Parser development guide #507

duckdoom4 · 2025-08-23T08:04:26Z

duckdoom4
Aug 23, 2025
Collaborator

This guide explains how the tokenizer, parser, and AST processing work, and how to extend them.

Architecture overview

Text → Tokens
- The tokenizer scans document text and produces a sequence of tokens.
- There are two kinds of tokens:
  - Atomic tokens: keywords, identifiers, literals, operators, punctuation. (linear sequence, non-overlapping)
  - Meta tokens: higher-level constructs like Comment, DefineStatement, SayStatement, etc. (these can overlap and effectively form a tree overlay). Note that meta tokens are not strictly necessary to parse the document, but are there to help.
Tokens → AST (Parser)
- The parser iterates through the token stream and applies rule objects that each have test() and parse() methods.
- Rules validate grammar, consume tokens, and build typed AST nodes.
AST → Program model
- The AST is processed into an RpyProgram, which contains symbols, scopes, references, and diagnostics.
- This model powers features like go-to-definition and find-references.
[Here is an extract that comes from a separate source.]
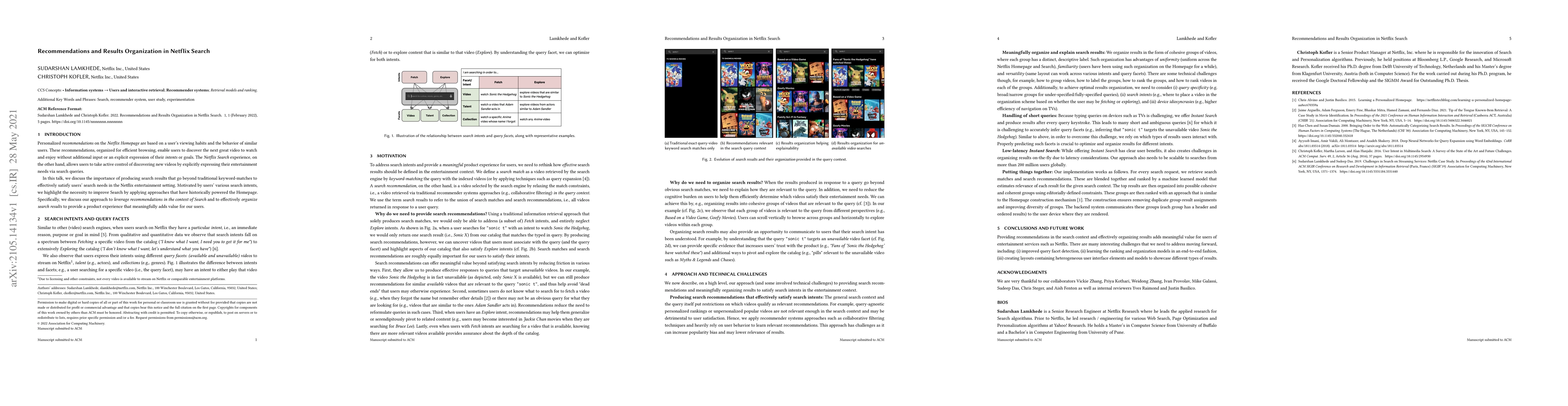 This paper discusses how Netflix enhances its search experience by integrating personalized recommendation techniques to organize search results beyond traditional keyword-matches, thereby better satisfying users' diverse search intents and providing a more valuable product experience. The approach leverages insights from the Homepage's recommendation system to improve search result organization.

Core files you’ll interact with:

tokenizer/renpy-tokens.ts — token kinds and tokenizer output.
grammars/renpy.grammar.ebnf — formal grammar reference to follow while implementing rules.
parser/renpy-grammar-rules.ts — rule registry and rule implementations; the parser’s core loop lives here.
parser/ast-nodes.ts — AST node types and their processing hooks.
parser/parser-test.ts — a simple wrapper that runs tokenization and parsing for the active document.

Tokenizer

The tokenizer is mature and used in production today. It’s conceptually similar to VS Code’s highlighting approach (Oniguruma-style), but implemented from scratch in TypeScript.
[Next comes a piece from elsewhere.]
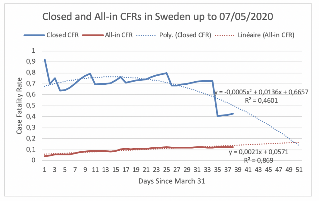 Figure 23 displays the evolution of the Closed CFR and the All-in CFR in Sweden since March 31, the day the Closed CFR in Sweden attained its maximum. Figure 23 shows that the Closed CFR and All-in CFR have not yet converged. On May 7, the Closed CFR is 43% and the All-in CFR is 12%. Hence, the gap between the CFRs in Sweden is 31%. If the CFRs follow their respectively fitted trends, they will meet at 15.84% on May 15.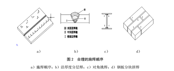 ①采取適當的焊接順序和方向,例如為了使每次施焊產生的殘余應力和殘余變形有所抵消,應盡量采用對稱焊、分段焊、厚度方向分層焊、鋼板分塊拼焊、工字形頂接時采用對角挑焊;為使收縮量或受力較大的焊縫留有伸縮余地,減小殘余變形,先焊收縮量較大的焊縫,后焊收縮量較小的焊縫;先焊受力較大的焊縫,后焊受力較次要的焊縫;鋼板分塊拼接先焊短焊縫,后焊直通長焊縫。圖2中的阿拉伯數字表示施焊的順序。

Emits a strictly ordered sequence of tokens.
Atomic tokens don’t overlap.
Meta tokens can overlap and describe higher-level constructs, effectively giving a rudimentary AST shape before verification.
There’s a debug command to visualize tokens; by default it's bound to Ctrl+Alt+Shift+T (you may need to bind it manually).
The tokenizer rules are auto generated from the syntax highlighting rules we use for VSCode's highlighter
- VSCode also has the internal Ctrl+Alt+Shift+I command, to visualize the syntax highlighting tokens, which might be nice to check sometimes, given we use the same regex expressions

If you want to know exactly which tokens exist, check tokenizer/renpy-tokens.ts and related files in that folder.
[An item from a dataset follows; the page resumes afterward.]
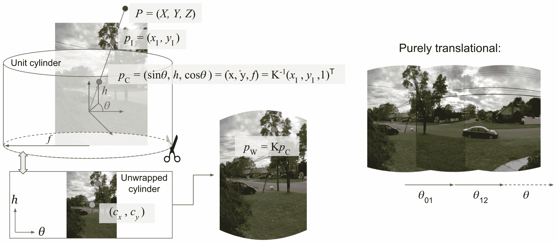 为了在柱面坐标中包装图像,我们首先应用本征矩阵的逆来获得归一化坐标中的像素。 我们现在假设像素是圆柱体表面上的一个点,该点由高度h和角度θ参数化。 高度h实质上对应于y坐标,而xz(相对于y彼此垂直)存在于单位圆上,因此分别对应于 Sinθ和 Cosθ,Sin。 要获得与原始图像相同像素大小的扭曲图像,我们可以再次应用固有矩阵K;但是,我们可以更改焦距参数f,以影响全景图的输出分辨率。

Also check out the syntax highligher guide to understand more about the tokenizer: #447

Parser

The parser is rule-driven and intentionally modular.

Each rule has:
- test() — quick predicate to check if the rule applies at the current token.
- parse() — consumes tokens and returns a specific AST node or null on error.
A central loop walks a list of rules and executes the first rule whose test() returns true.
Example: DefineStatementRule expects the define keyword, optionally an integer, an assignment, then an end-of-line.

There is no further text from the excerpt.